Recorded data
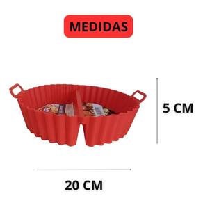 Forma de silicone com divisórias e alças para Air Fryer. Antiaderente, flexível e resistente ao calor. Permite assar 2 tipos de alimentos diferentes simultaneamente. Livre de BPA.Tipo
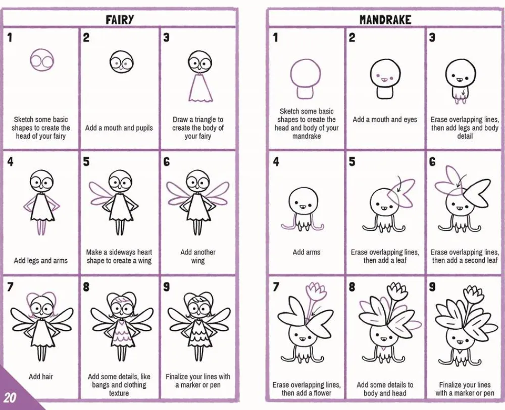Readers will learn to draw a gnome, fairy, mandrake, elf, jackalope, lava monster, mere creature, phoenix, golem, unicorn, minotaur, troll, yeti, kraken, and dragon.
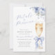 An elegant bridal shower invitation featuring delicate blue florals and a sparkling prosecco glass accented with a soft blue bow. The graceful script typography and airy layout create a refined and romantic atmosphere, perfect for a chic “Petals & Prosecco” celebration.
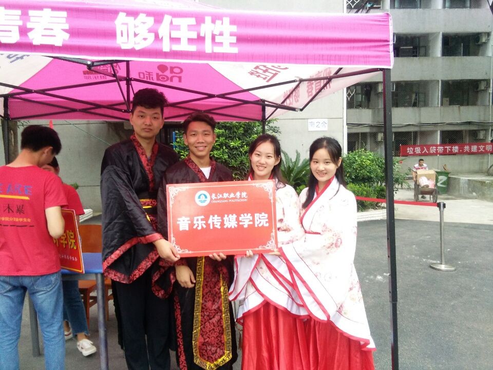 早上七点,老师们身着各色的旗袍早早的在报到处等待着新生。素白的旗袍合宜的搭配着刺绣,又有淡淡的杏子黄色旗袍点缀着几朵白花……融入在嘈杂的大厅,不觉得突兀可惜,却更加温婉动人,还有浓浓的亲切感。有着东方的古典韵味,又有着时尚潮流元素的旗袍,是我院追求的美,追求音乐与传媒碰撞出花样年华。
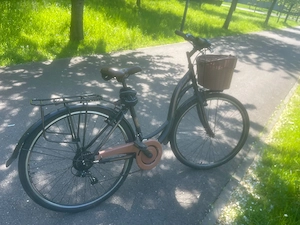 Das Fahrrad ist in gutem Zustand. Die Reifen (26 Zoll) sind aufgepumpt, die 21-Gang-Schaltung funktioniert und die Bremsen sind intakt. Das Fahrrad ist mit Schutzblechen, Gepäckträger und Korb ausgestattet. Zusätzliches Zubehör wie Licht, Pumpe und Schloss kann separat erworben werden. Natürlich weist ...
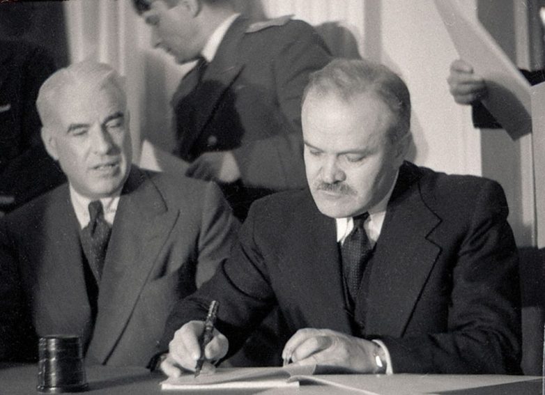 Нарком иностранных дел СССР В. М. Молотов подписывает документы Ялтинской конференции. Слева Госсекретарь США Э. Стеттиниус
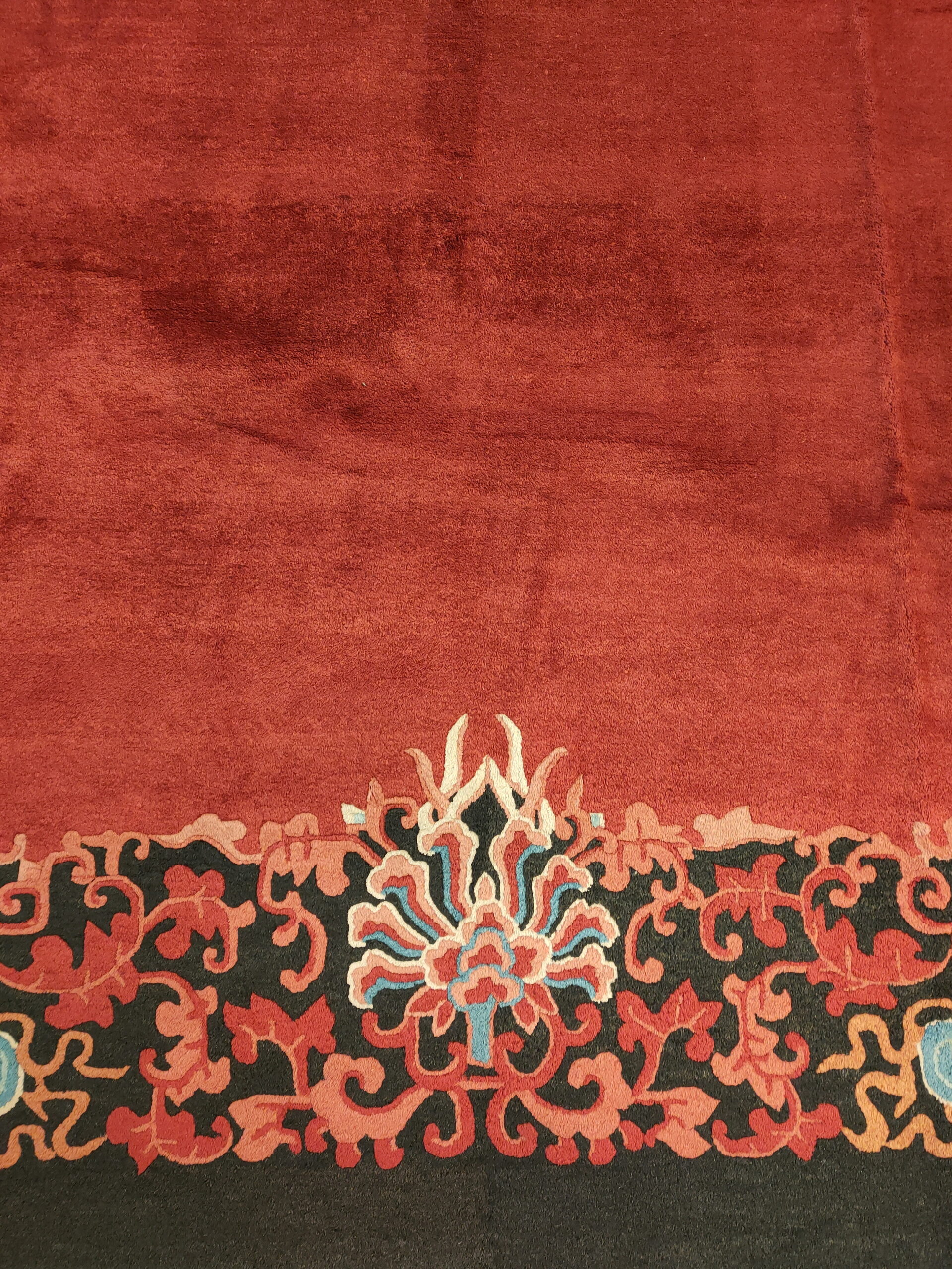 Knotted Wool Antique Coral Chinese Room Size – Art Deco 1920s Rectangle Rug, Circa Date: 1920s. This exceptional Chinese Art Deco piece captures the bold aesthetic of the roaring twenties, presented in a generous room size format ideal for anchoring a major living space.
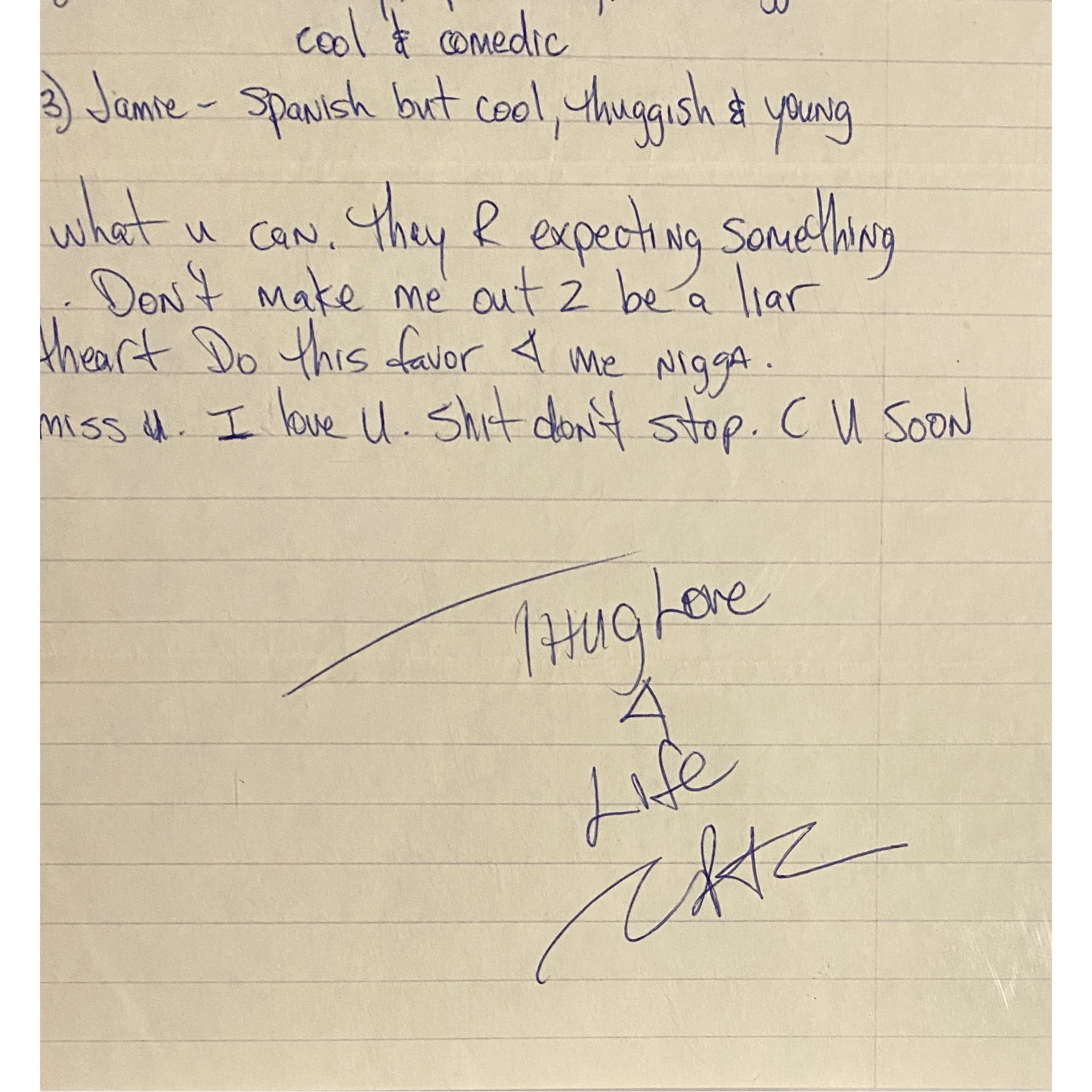 This scarce and handwritten letter from Tupac Shakur, boldly signed “Thug Love 4 Life, 2Pac,” dated September 17, 1995, and penned from Clinton Correctional Facility. Written to close friend Desiree Smith, the one-page letter offers candid instructions and reflections.

PROBLEM TO SOLVE.
Each record is to be written out exactly. No picture goes in.

SOLVED EXERCISE.
 Forma de silicone com divisórias e alças para Air Fryer. Antiaderente, flexível e resistente ao calor. Permite assar 2 tipos de alimentos diferentes simultaneamente. Livre de BPA.Tipo
Readers will learn to draw a gnome, fairy, mandrake, elf, jackalope, lava monster, mere creature, phoenix, golem, unicorn, minotaur, troll, yeti, kraken, and dragon.
 An elegant bridal shower invitation featuring delicate blue florals and a sparkling prosecco glass accented with a soft blue bow. The graceful script typography and airy layout create a refined and romantic atmosphere, perfect for a chic “Petals & Prosecco” celebration.
 早上七点,老师们身着各色的旗袍早早的在报到处等待着新生。素白的旗袍合宜的搭配着刺绣,又有淡淡的杏子黄色旗袍点缀着几朵白花……融入在嘈杂的大厅,不觉得突兀可惜,却更加温婉动人,还有浓浓的亲切感。有着东方的古典韵味,又有着时尚潮流元素的旗袍,是我院追求的美,追求音乐与传媒碰撞出花样年华。
 Das Fahrrad ist in gutem Zustand. Die Reifen (26 Zoll) sind aufgepumpt, die 21-Gang-Schaltung funktioniert und die Bremsen sind intakt. Das Fahrrad ist mit Schutzblechen, Gepäckträger und Korb ausgestattet. Zusätzliches Zubehör wie Licht, Pumpe und Schloss kann separat erworben werden. Natürlich weist ...
 Нарком иностранных дел СССР В. М. Молотов подписывает документы Ялтинской конференции. Слева Госсекретарь США Э. Стеттиниус
 Knotted Wool Antique Coral Chinese Room Size – Art Deco 1920s Rectangle Rug, Circa Date: 1920s. This exceptional Chinese Art Deco piece captures the bold aesthetic of the roaring twenties, presented in a generous room size format ideal for anchoring a major living space.
 This scarce and handwritten letter from Tupac Shakur, boldly signed “Thug Love 4 Life, 2Pac,” dated September 17, 1995, and penned from Clinton Correctional Facility. Written to close friend Desiree Smith, the one-page letter offers candid instructions and reflections.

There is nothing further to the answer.